This repository establishes an independent, end-to-end computational framework for the precision molecular surveillance of Plasmodium falciparum and its systemic impact on host physiology. The project integrates a CRISPR-Cas13a (SHERLOCK) guide RNA (gRNA) design pipeline with high-dimensional modeling of the Gut-Brain Axis (GBA).

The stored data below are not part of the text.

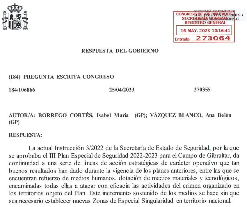Una respuesta casi calcada a la que había recibido meses antes las dos diputadas del PP, en mayo de 2023, cuando un mes antes sí habían preguntado específicamente por la provincia de Cádiz. Pero en esa respuesta, además, el Gobierno no sólo ve vanagloriaba de los buenos resultados del plan Marlaska, sino de que hubieran dado resultados sin necesidad de declarar a la provincia como Zona de Especial Singularidad.
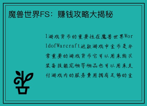 魔兽世界中有一个完善的经济系统,玩家可以通过充分利用这个系统来赚取金币。比如,玩家可以利用职业技能和专业技能来制造和出售物品,或者利用游戏内的交易系统进行买卖。还可以参与游戏内的经济活动,如拍卖行竞拍、租赁房屋等,来赚取金币。
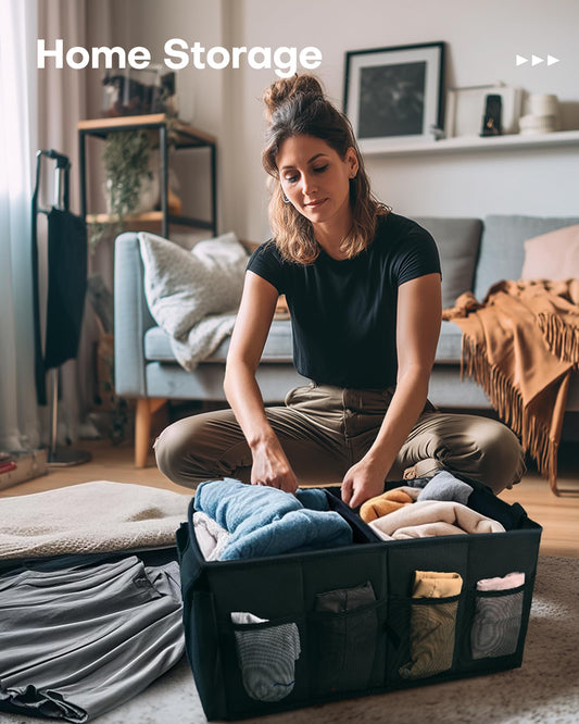 HOTOR Trunk Organizer - Car Organizer, Foldable Trunk organizer for SUVs & Sedans, Sturdy Car Organization for Car Accessories, Tools, Sundries, Black, 2 Compartments, 21.3"×12.6"×10.6"
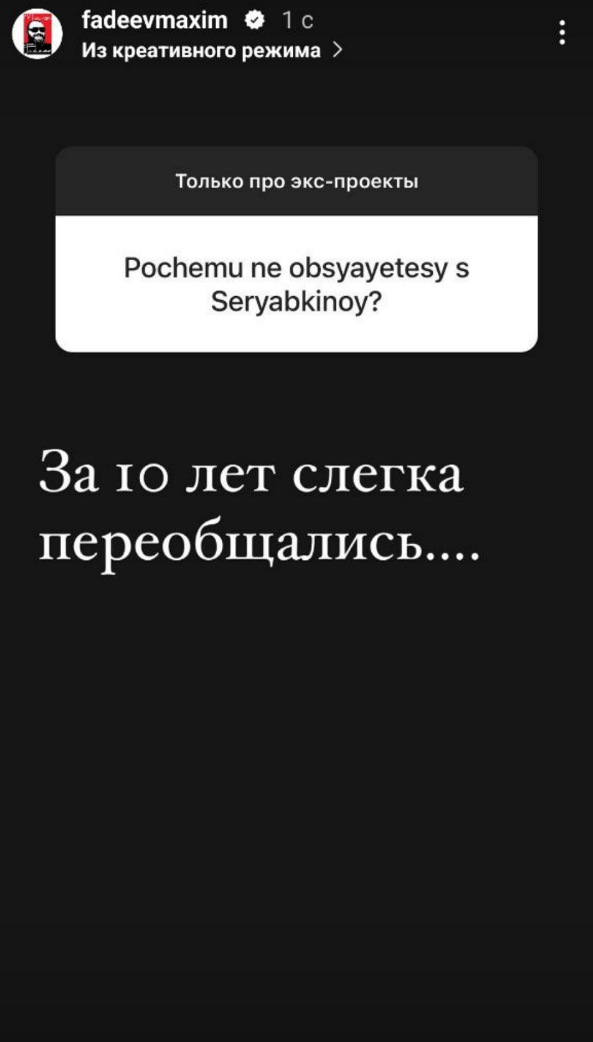 К слову, в настоящее время Максим Фадеев не общается с Ольгой Серябкиной. В сторис продюсер объяснил почему. «За 10 лет слегка переобщались», — неоднозначно ответил Фадеев, поставив при этом красноречивое многоточие.

By targeting the Kelch13 (PfK13) propeller domain—the primary genetic determinant of artemisinin resistance—this workflow enables the "ultrasensitive" detection of pathogen genotypes. These diagnostic outputs are then correlated with microglial activation signatures (CX3CR1/Iba1) to parameterize the neuro-inflammatory sequelae of systemic infection.

Pipeline Architecture

  • Script 01: Cas13a gRNA Engineering for AT-Rich Genomes

    • Implements a custom sliding window algorithm to generate 28nt spacers, adhering to the biophysical constraints of the Cas13a (SHERLOCK) effector protein.
    • Optimizes for a 25-45% GC-content threshold to address the unique AT-rich genomic architecture of the Plasmodium genome, ensuring diagnostic specificity.
    • Filters and isolates candidate guides (n=25) targeting critical drug-resistance SNPs within the PfK13 domain.
  • Script 02: Neuro-Immune Correlation and GBA Modeling

    • Constructs a statistical framework linking CRISPR-detected parasite loads to host hypothalamic microglial set-points.
    • Models the negative correlation ($r = -0.946$) between microglial activation (Iba1 intensity) and the expression of homeostatic regulatory checkpoints (CX3CR1).
    • Quantifies the collapse of neuro-immune resilience as a function of pathogen genotype severity.

Visual Results

All technical outputs proving diagnostic viability and systemic correlation are securely archived in the results/ and figures/ directories. The GBA_Microglia_Correlation.png plot specifically demonstrates a robust negative correlation between Iba1-mediated activation and CX3CR1-mediated regulation, providing a computational proof-of-concept for the predictive value of molecular genotyping in neuro-immunology.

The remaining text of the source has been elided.